• DATA:
- Opening Delimiter -

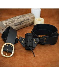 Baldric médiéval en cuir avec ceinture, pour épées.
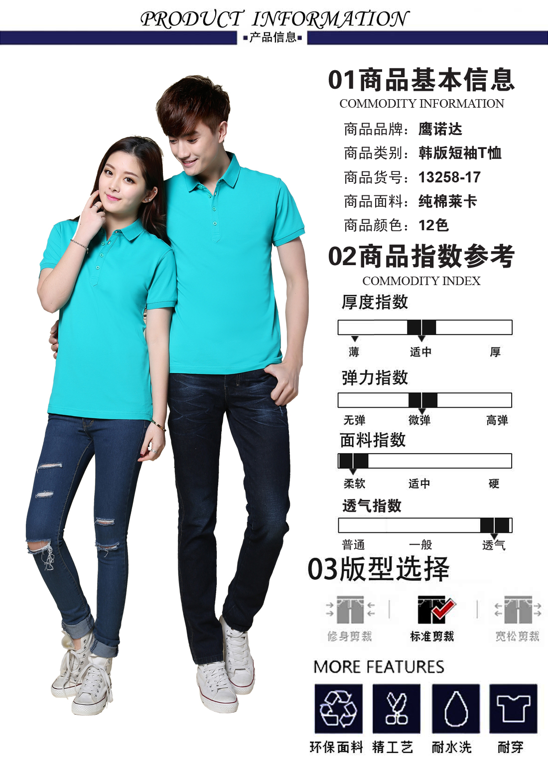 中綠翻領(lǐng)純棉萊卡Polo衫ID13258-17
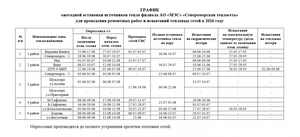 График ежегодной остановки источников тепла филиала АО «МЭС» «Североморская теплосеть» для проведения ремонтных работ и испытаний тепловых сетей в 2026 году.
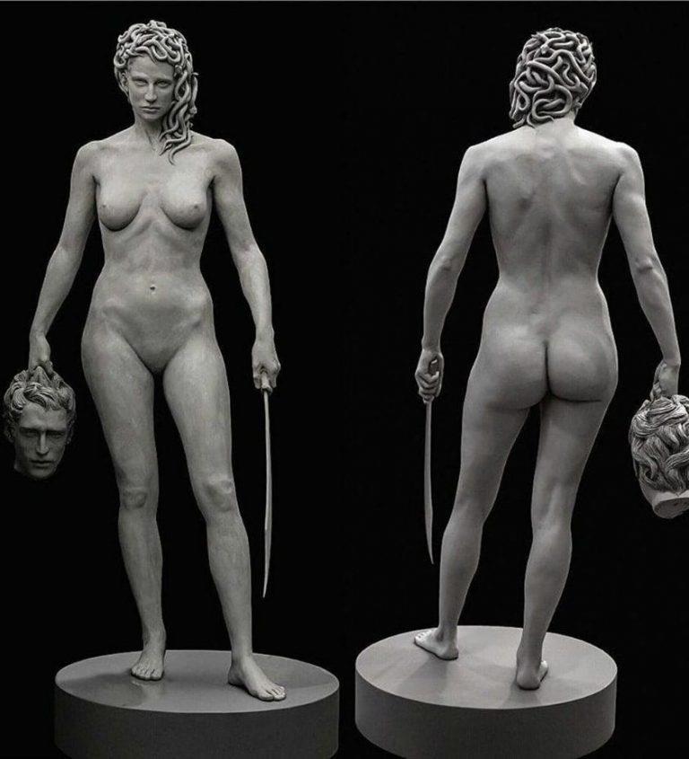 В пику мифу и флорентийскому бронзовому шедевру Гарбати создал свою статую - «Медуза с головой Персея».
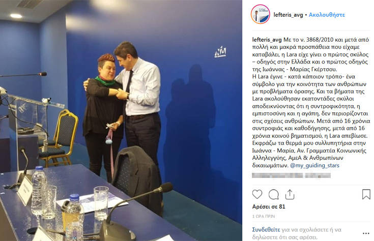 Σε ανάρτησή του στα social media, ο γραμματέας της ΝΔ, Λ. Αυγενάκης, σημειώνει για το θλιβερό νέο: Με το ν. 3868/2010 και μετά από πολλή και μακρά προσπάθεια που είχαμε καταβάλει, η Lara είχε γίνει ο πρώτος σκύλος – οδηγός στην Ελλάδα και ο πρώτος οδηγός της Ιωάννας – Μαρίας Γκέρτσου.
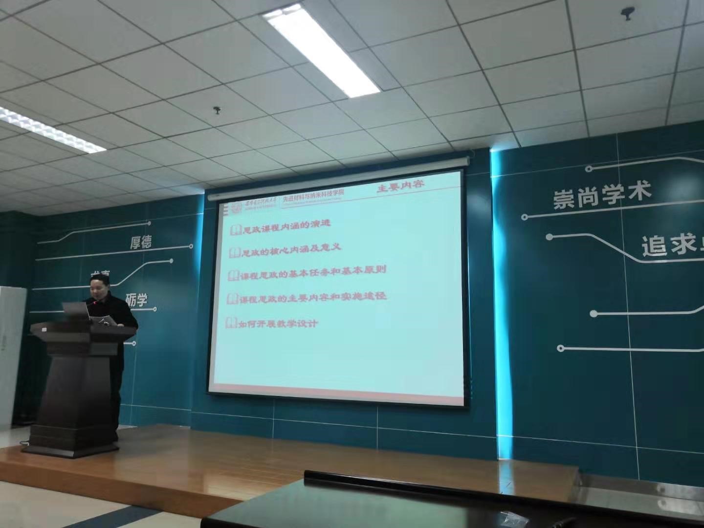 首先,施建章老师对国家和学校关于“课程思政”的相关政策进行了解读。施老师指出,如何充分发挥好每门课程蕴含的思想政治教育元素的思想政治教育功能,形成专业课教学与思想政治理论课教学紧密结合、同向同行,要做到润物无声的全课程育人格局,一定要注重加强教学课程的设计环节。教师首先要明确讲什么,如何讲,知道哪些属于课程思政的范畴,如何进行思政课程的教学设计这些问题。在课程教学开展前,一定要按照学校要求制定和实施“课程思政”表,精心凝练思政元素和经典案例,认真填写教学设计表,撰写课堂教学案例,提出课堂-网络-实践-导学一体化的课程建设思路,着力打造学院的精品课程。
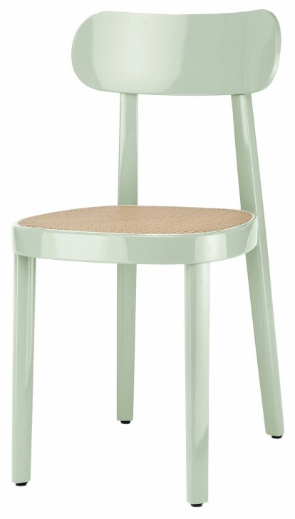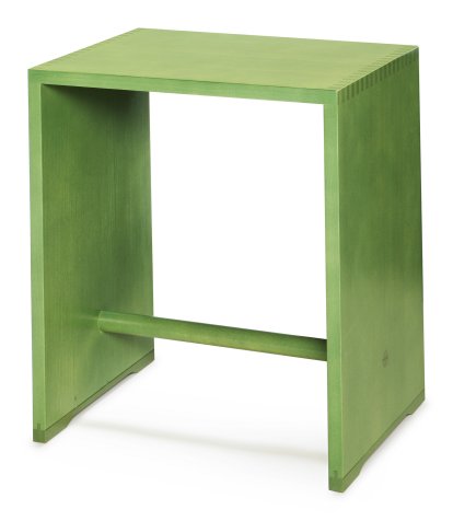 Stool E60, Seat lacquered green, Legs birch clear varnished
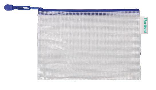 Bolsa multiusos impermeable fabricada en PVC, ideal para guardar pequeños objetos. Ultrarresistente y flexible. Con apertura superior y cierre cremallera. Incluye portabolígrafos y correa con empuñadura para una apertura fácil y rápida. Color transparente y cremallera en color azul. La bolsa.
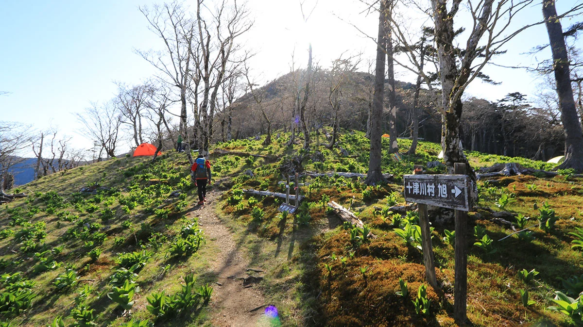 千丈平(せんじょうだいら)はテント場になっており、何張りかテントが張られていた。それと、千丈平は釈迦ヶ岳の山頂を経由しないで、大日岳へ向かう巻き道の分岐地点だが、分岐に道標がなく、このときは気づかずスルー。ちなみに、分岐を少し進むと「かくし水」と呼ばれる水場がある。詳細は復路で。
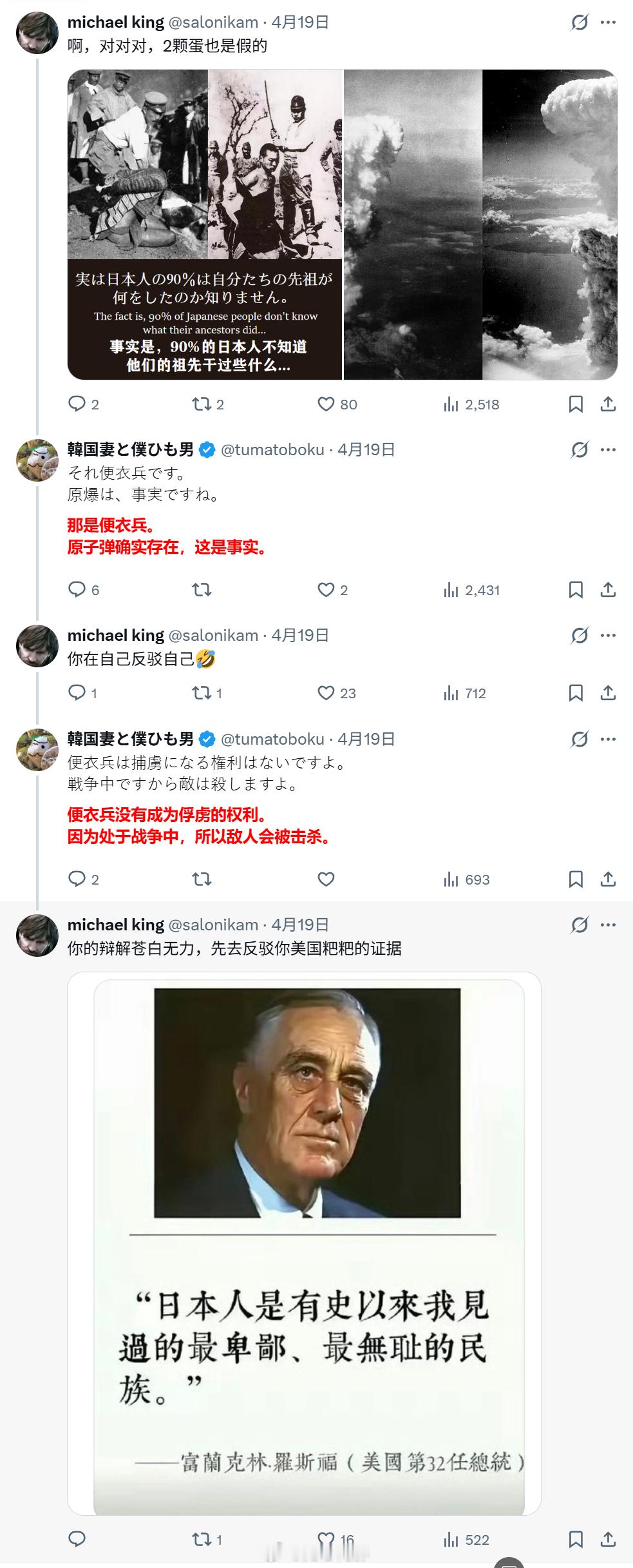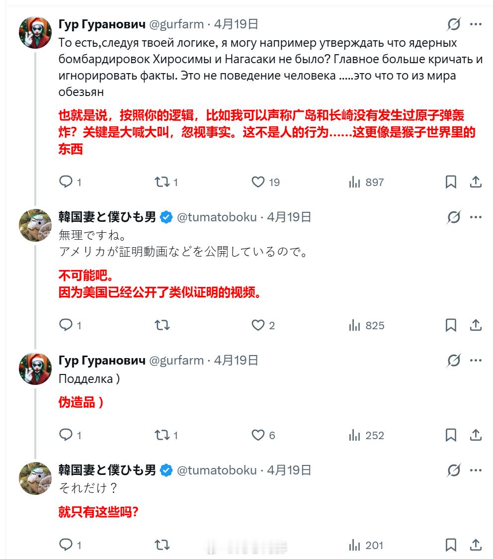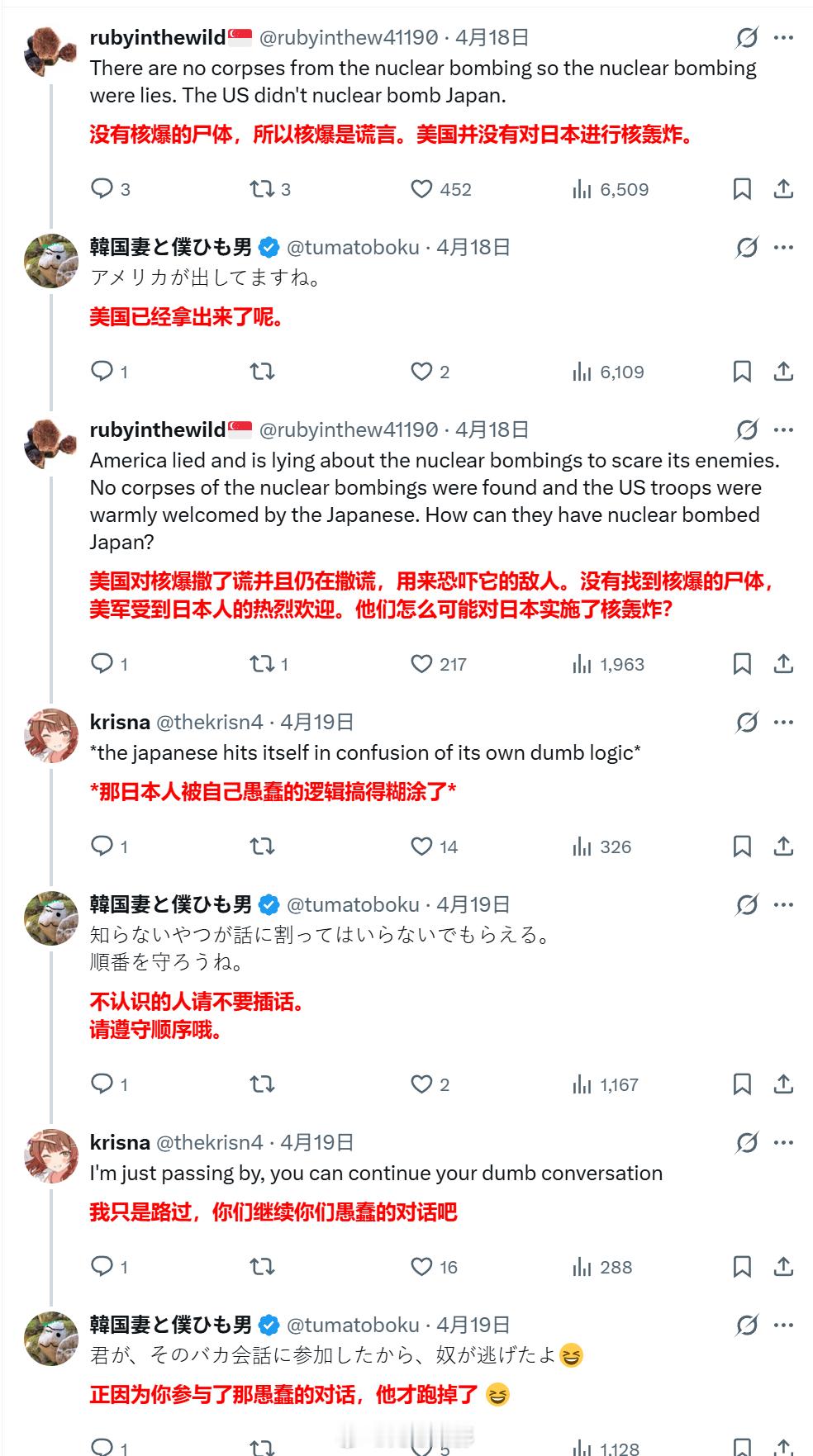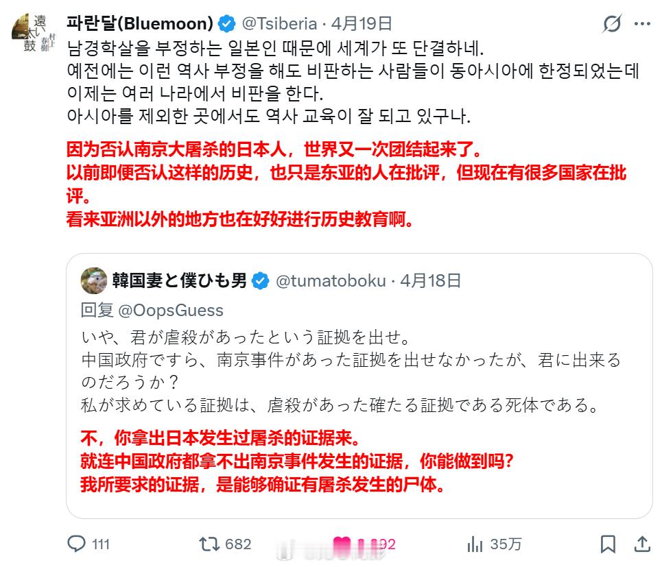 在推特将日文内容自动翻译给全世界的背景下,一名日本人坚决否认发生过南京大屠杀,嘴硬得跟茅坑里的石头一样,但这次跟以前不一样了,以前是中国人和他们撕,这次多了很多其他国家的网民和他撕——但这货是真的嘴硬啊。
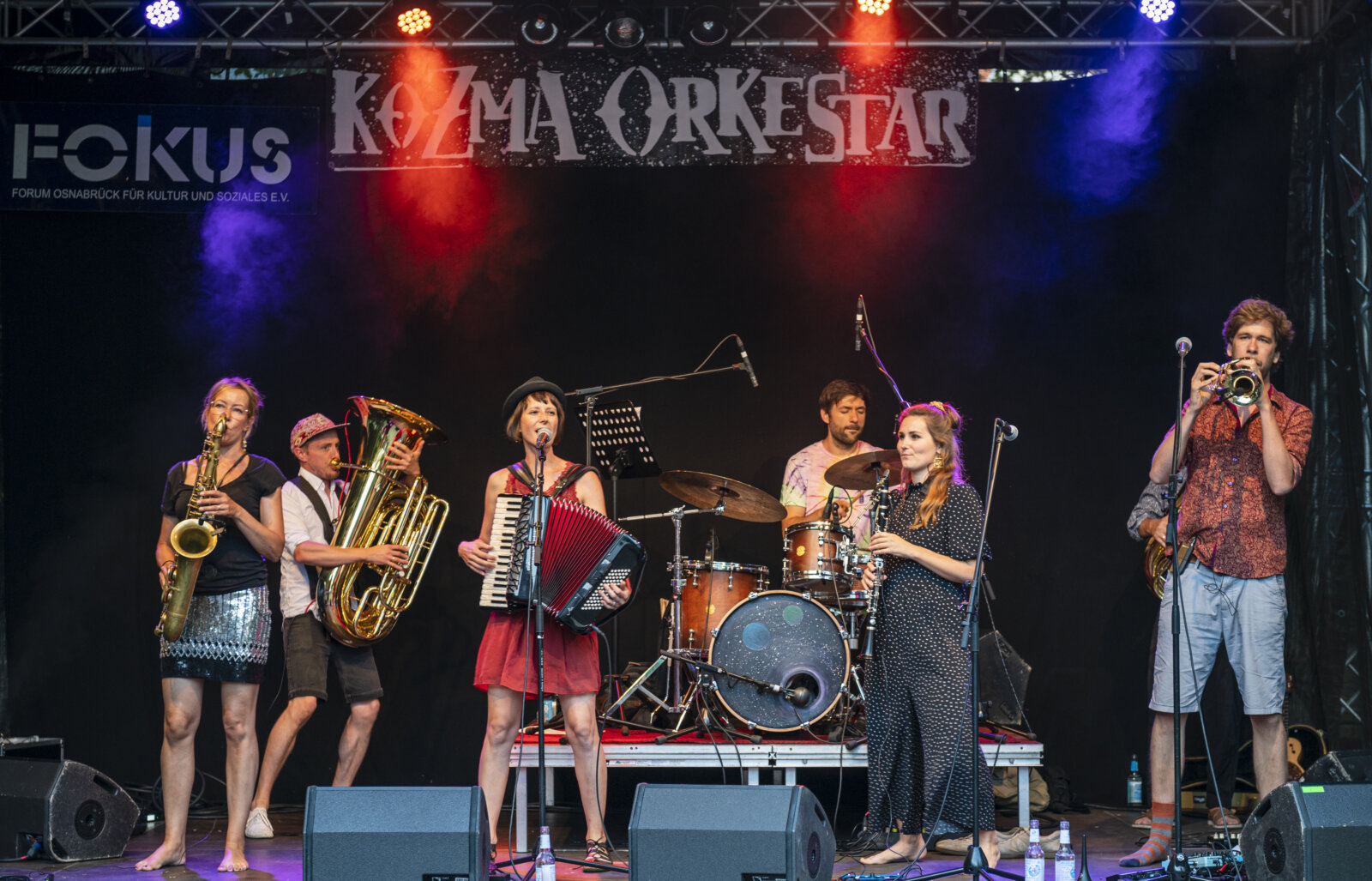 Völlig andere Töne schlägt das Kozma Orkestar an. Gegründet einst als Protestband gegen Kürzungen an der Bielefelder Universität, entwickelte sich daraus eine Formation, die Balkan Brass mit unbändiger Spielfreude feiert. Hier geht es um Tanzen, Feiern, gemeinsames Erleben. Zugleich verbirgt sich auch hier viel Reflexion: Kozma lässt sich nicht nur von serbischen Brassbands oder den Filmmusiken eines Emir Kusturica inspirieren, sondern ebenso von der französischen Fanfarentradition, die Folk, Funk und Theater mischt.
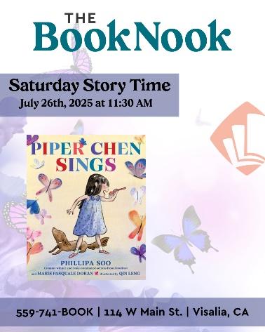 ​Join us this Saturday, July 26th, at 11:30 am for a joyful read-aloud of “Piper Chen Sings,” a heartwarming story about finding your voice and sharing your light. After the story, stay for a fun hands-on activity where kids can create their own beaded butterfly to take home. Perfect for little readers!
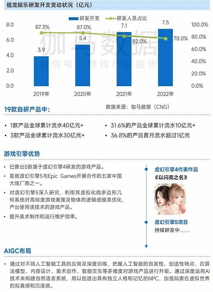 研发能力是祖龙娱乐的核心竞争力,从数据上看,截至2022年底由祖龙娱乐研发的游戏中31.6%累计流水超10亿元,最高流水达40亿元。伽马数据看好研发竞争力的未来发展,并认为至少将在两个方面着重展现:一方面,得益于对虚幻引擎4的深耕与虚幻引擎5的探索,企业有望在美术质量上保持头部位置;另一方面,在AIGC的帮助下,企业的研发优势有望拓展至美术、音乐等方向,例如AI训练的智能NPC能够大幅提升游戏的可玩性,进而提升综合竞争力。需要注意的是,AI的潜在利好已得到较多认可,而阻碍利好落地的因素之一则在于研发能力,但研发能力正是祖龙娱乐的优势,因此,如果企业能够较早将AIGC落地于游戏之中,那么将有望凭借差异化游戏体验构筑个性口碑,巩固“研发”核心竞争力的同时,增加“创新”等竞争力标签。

- Closing Delimiter -

• THE PROBLEM: From the line containing "中綠翻領(lǐng)純棉萊卡Polo衫ID13258-17" through the line containing "График ежегодной остановки", copy every line above exactly, without pictures.

• PROBLEM SOLUTION:
 中綠翻領(lǐng)純棉萊卡Polo衫ID13258-17
 График ежегодной остановки источников тепла филиала АО «МЭС» «Североморская теплосеть» для проведения ремонтных работ и испытаний тепловых сетей в 2026 году.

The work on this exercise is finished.